The roof and woodwork of the Hall were destroyed in the 1666 Great Fire and afterwards a new roof was erected on the old walls while Sir John Cutler paid for a new parlour and dining room. The Hall was again renovated in 1681 by the future Lord Mayor Sir John Moore. A new Hall was built on the same site between 1798 and 1802 when part of the garden was sold to the Bank of England for the expansion of nearby Prince's Street. However, frequent and extensive repairs were required due to the third Hall's defective foundations, which was replaced by a fourth Hall, completed in 1893 on Prince's Street.

The Hall survived the Blitz with only minor damage to its north wing, but was almost completely destroyed by fire in 1965, apparently caused by a lightbulb left on in the grand staircase beneath an oak lintel which smouldered and eventually ignited. The fifth and final Hall was constructed nearby in 1970, also on Prince's Street, remaining the Grocers' home today.

==Symbols==
The Ancient Guild of Pepperers chose a camel as its symbol due to pepper originally coming over land rather than sea. The camel is incorporated as the crest of the company's heraldic achievement which also includes two griffins holding the escutcheon (shield) on which is displayed the coat of arms: "Argent a Chevron Gules between nine Cloves six in chief and three in base Proper".

==Company masters==
Past Masters of the Grocers' Company include Lord Mayors Sir Robert Leigh, Sir Robert Ladbroke, Sir Samuel Garrard and Sir Charles Bowman, the Immediate Past Master. Other Past Masters Grocer are Admiral Nicholas Goodhart and Timothy Coleridge, son of former Lloyd's chairman David Coleridge and brother of Sir Nicholas Coleridge.

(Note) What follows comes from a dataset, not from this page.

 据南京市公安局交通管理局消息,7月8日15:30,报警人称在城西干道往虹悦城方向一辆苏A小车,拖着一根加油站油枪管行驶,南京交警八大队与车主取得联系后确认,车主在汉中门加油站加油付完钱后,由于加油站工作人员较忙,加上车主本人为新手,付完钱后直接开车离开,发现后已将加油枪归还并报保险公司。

The Master Grocer for 2025/2026 is Edward Campbell-Johnston. The Clerk to the Grocers' Company is Brigadier Greville Bibby.

==Affiliations: Churches, schools, military ==
St Mary-Le-Bow is the guild church for the company.

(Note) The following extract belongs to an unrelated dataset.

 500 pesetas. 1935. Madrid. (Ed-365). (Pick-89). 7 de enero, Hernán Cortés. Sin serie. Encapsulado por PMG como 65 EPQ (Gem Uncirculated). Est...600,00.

The Church of St Paul, Homerton, in Hackney was founded by the Company in 1890, but declared redundant in 1981: its edifice still displays the Grocers' arms. St Paul's then united with St Barnabas' Church, Homerton. The Grocers' Company retains joint patronage of the advowson (right to nominate appointees to the church benefice) with the Bishop of London and the Trustees of All Souls, Clapton Common.

The Church of St Mary the Virgin, Northill, in Bedfordshire displays the Grocers' arms on a stained glass window by John Oliver, commissioned by the Company in 1664.

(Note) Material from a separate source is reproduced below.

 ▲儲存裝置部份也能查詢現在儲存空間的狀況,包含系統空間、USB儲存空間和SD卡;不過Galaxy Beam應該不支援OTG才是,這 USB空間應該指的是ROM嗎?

The Grocers' Company is responsible for the maintenance of Oundle School in Northamptonshire, which uses the Grocers' arms as its school badge. Other schools maintained by the Company are the Elms School in Colwall, Herefordshire as well as Reed's School whose Annual Foundation Appeal has been held at Grocers' Hall for over fifty years. In 1876 the Company founded the Grocers' Company School, Hackney in the East End of London for the education of "sons of the middle classes". It was transferred under London County Council's control after that authority's formation in 1889, changing its name to Hackney Downs School; it closed in 1995. Hackney Downs depicted as its school badge a camel, for the Lower School, and a shield with cloves and the motto of the Grocers' Company for the Upper School. The "Camel and Cloves" are remembered to this day by Old Boys through the Clove Club. The Grocers' Company maintains close links with and is the principal sponsor of Mossbourne Community Academy, which is on the Hackney Downs site.

The Northern Ireland village of Eglinton, County Londonderry was established by the Grocers' Company in 1619 under the name of Muff. The local credit union, a branch of Castle and Minster Credit Union (which ceased trading in 2015) assumed use of the Company's coat of arms, as has Eglinton Primary School.

The Grocers' Company is also affiliated with HMS Queen Elizabeth, the first of the Royal Navy's new Queen Elizabeth-class aircraft carriers, and with the Coldstream Guards, the oldest regular regiment of the British Army as well as XI (F) Squadron, Royal Air Force.